**Work task:** Exact copy, no pictures: output each line below as it stands.

**Recorded information:**
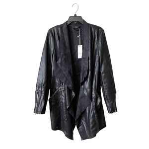 VICI Black Faux Leather Jacket Women's Size M Asymmetrical Zip Draped Coat NWT
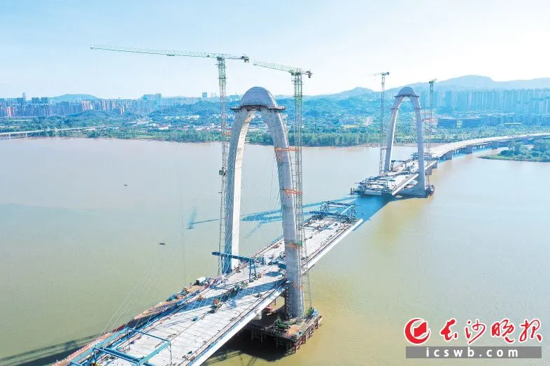 兴联路大桥是长沙目前在建桥面最宽、单跨最大、桥长最长的过江大桥。均为长沙晚报全媒体记者 王志伟 摄
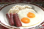 暑さに負けないように栄養たっぷりです。卵料理、ガーリックライス、甘いソーセージにココアを飲む習慣があります。

**Exercise solution:**
 VICI Black Faux Leather Jacket Women's Size M Asymmetrical Zip Draped Coat NWT
 兴联路大桥是长沙目前在建桥面最宽、单跨最大、桥长最长的过江大桥。均为长沙晚报全媒体记者 王志伟 摄
 暑さに負けないように栄養たっぷりです。卵料理、ガーリックライス、甘いソーセージにココアを飲む習慣があります。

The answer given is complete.